P09 (2026 - 2030) Application of artificial intelligence for the analysis of multi-parameter cytometric data sets of rare B cell subsets

Hauke Busch (UzL), Rudolf Manz (UzL), Mareike Ohms (UzL)

Project Summary 

The recent advances in multi-parameter, flow cytometry, scRNAseq, spatial transcriptomics and other high throughput methods currently revolutionize biomedical research. State-of-the-art flow cytometers can analyze up to 40 parameters simultaneously for each individual cell and allow acquisition of a million of cells per sample, a pre-requisite for the detection and characterization of populations of rare cell types, such as B cell and plasma cell subpopulations. Nevertheless, this method has practical limitations due to missing methods for accurate automatic compensation and identification of these rare cell types. Consequently, establishing flow cytometry settings and analysis gates for larger flow cytometric panels of 20 or more parameters requires extensive manual intervention and expert knowledge. Hence, a major limitation of multi-parameter flow cytometry and other high throughput methods is the complexity of the derived data sets, which currently require time consuming and labor-intensive analysis. Deep learning methods can provide novel and promising approaches for the analysis of big data sets derived in a variety of high throughput approaches. 

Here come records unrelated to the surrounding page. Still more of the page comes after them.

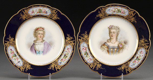 TWO FRENCH PORCELAIN HAND PAINTED SEVRES STYLE PORTRAIT CABINET PLATES, CIRCA 1900. Depicting Mademoiselle de Somebereuil and Contessa Dubarry, each with spurious Sevres marks and artist signed "Gaultier." Diameter 8.75 inches (22 cm).
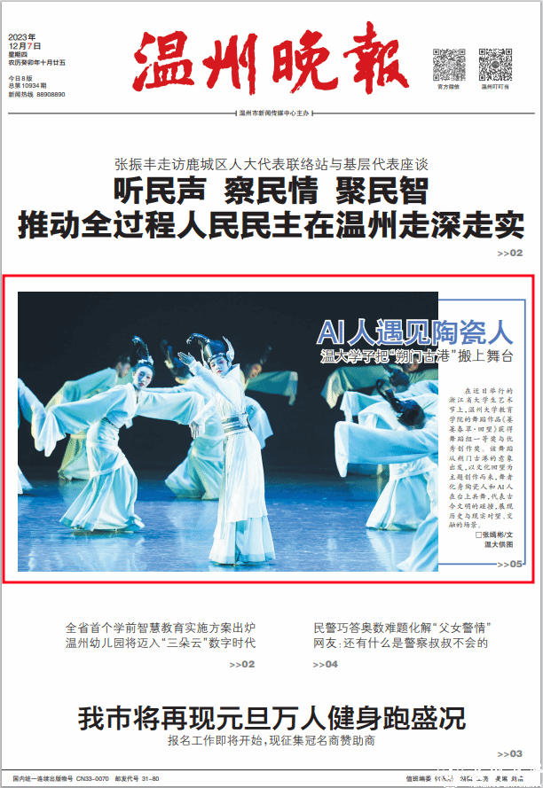在近日举行的浙江省大学生艺术节上,90足球直播网 的舞蹈作品《萋萋春草·回望》获得舞蹈组一等奖与优秀创作奖。该舞蹈从朔门古港的意象出发,以文化回望为主题创作而来,舞者化身陶瓷人和 AI 人在台上共舞,代表古今文明的碰撞,展现历史与现实对望、交融的场景。
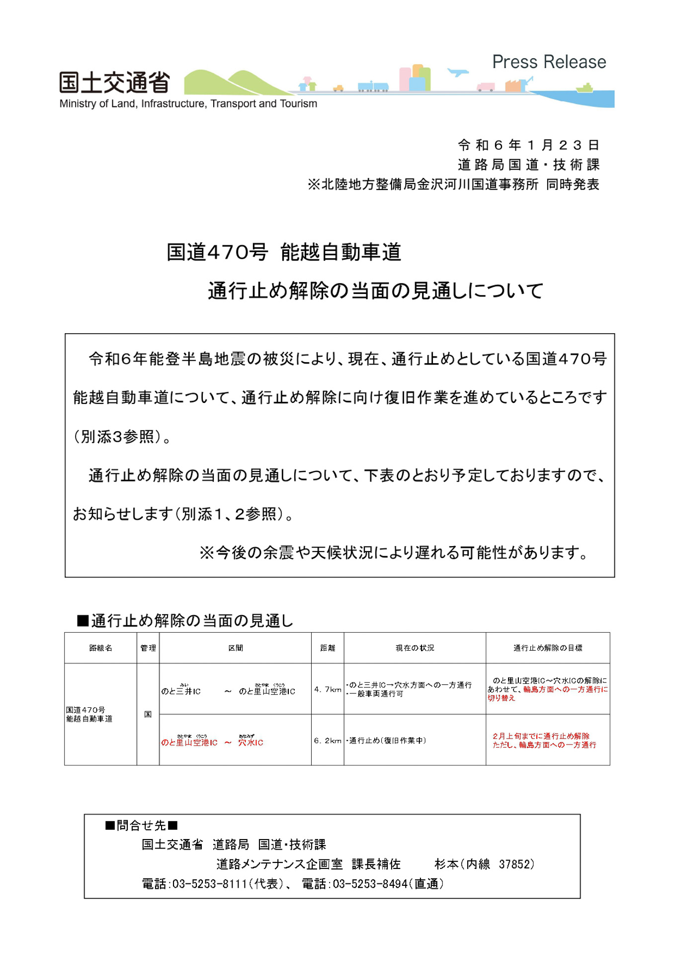 国交省、国道470号能越自動車道 通行止め解除の当面の見通し発表(2/4)
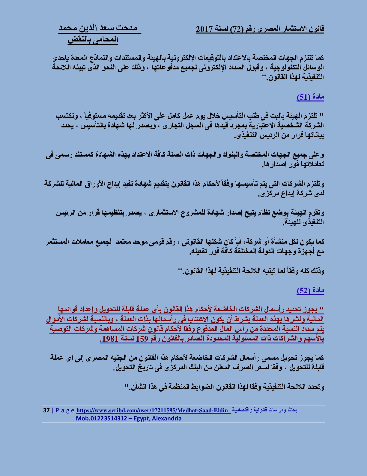 مدحت سعد الدين محمد المحامى بالنقض قانون الاستثمار المصرى رقم 72 لسنة 2017
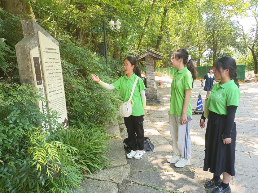 自雄壮的大门而入,走到蜿蜒小道的尽头,抗战遗址群落便跃然眼前。一座座坚挺的石碑书写着抗战时期的历史,讲述着重庆在曾经艰苦岁月里的种种血雨腥风。团队成员在主讲人的带领下对介绍碑一一解读,认真了解抗战遗址群落的由来及其承载的历史,体悟抗战军民的坚定信仰和不怕牺牲的精神。

This project will develop machine-based learning to assist or even automate panel generation and multi-parameter analysis of rare B cell/plasma cell subsets by flow cytometry, with the perspective to adopt similar approaches later for analyzing (spatial) single cell transcriptomics/proteomics data. The project will closely collaborate with other projects of RTG 3095 that will provide the samples and the practical experience with manual data analysis, required to train the algorithms.